IIT Indore and IIT BHU
IIT Indore holds an active patent (2025) on a compact wideband millimeter-wave power divider using SIW, and IIT BHU has published on wideband cavity-backed slot antennas for 5G. Their emphasis is on SIW-compatible power divider designs that eliminate microstrip radiation losses in the feeding network across the 3–300 GHz range.
Sony Mobile Communications
Sony holds an active EP patent (2018) incorporating top wave traps integrated into the SIW first metal layer to prevent surface-wave radiation from degrading efficiency — directly addressing one of the major loss mechanisms at millimeter-wave frequencies for mobile device integration.

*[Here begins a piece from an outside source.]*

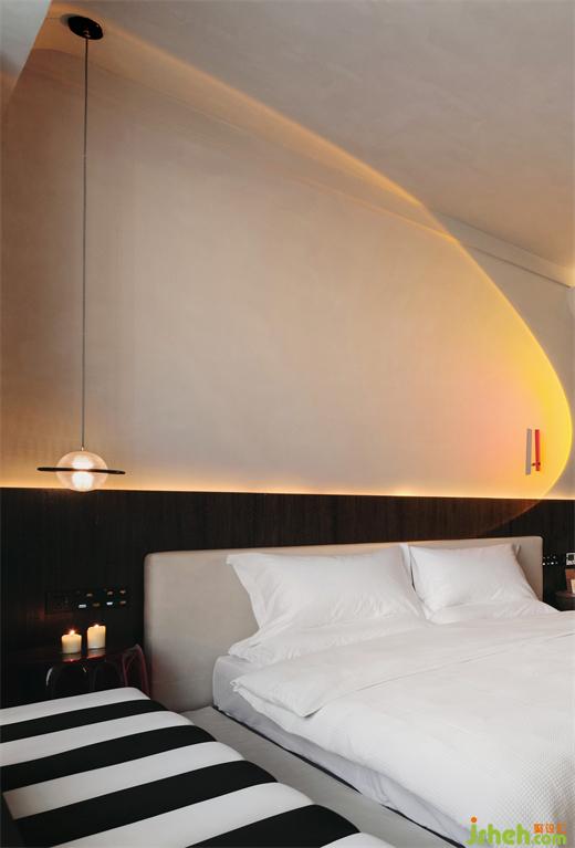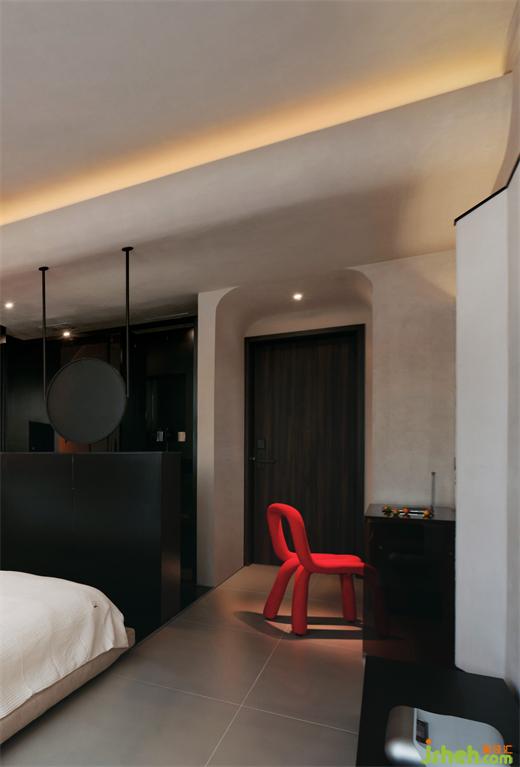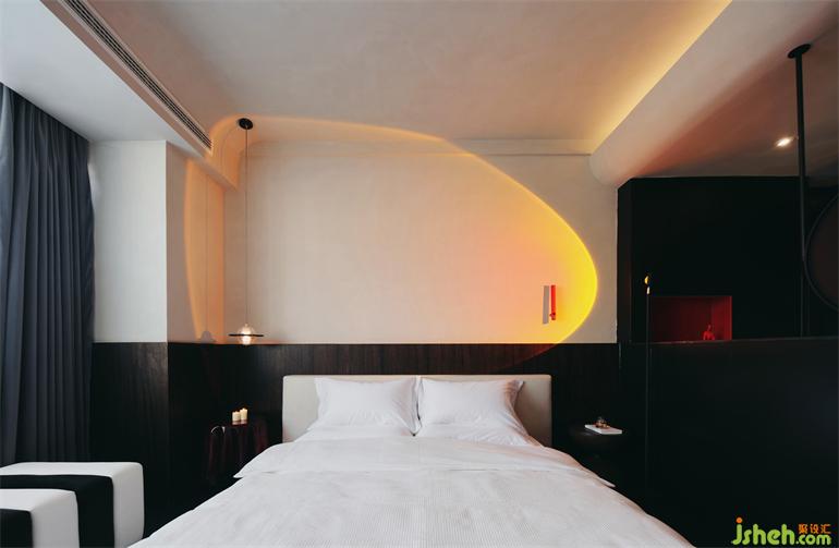 日落的鐘聲已然響起,昏黃的光線悄然充盈在屋子里的細處角落,深色的石材在默默告知黑夜即將到來,酒店設計折疊的墻體暗喻遠處起伏的潮汐,空間里素雅無尚的器物變得愈加溫潤,漂浮著的潺潺水聲營造出脫離于現(xiàn)實、照入夢想的情景。
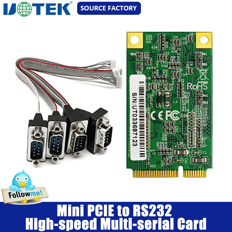 Comprar Tarjeta serie UOTEK Mini PCI-E a RS-232 PCIE PCI Express a RS232 convertidor de alta velocidad de 4 puertos DB9 ESD UT-7784B antirayos

This approach is consistent with ETSI requirements for mmWave antenna efficiency in mobile handset designs.
The trend across the dataset is clearly toward architectures that: (1) eliminate all microstrip transitions within the array feed network; (2) employ low-loss substrate materials such as Rogers RT5880 and Duroid 5880, or air-equivalent structures; and (3) use cavity-backed geometries to maximise radiation efficiency, particularly in the 28 GHz, 38 GHz, and 60 GHz 5G bands.
Telefonaktiebolaget LM Ericsson holds multiple patents (US 2018, EP active 2019, US 2019) on SIW antenna arrays for 5G that reduce mutual coupling and back radiation by adding electrically conducting vias along the substrate extending from the antenna aperture.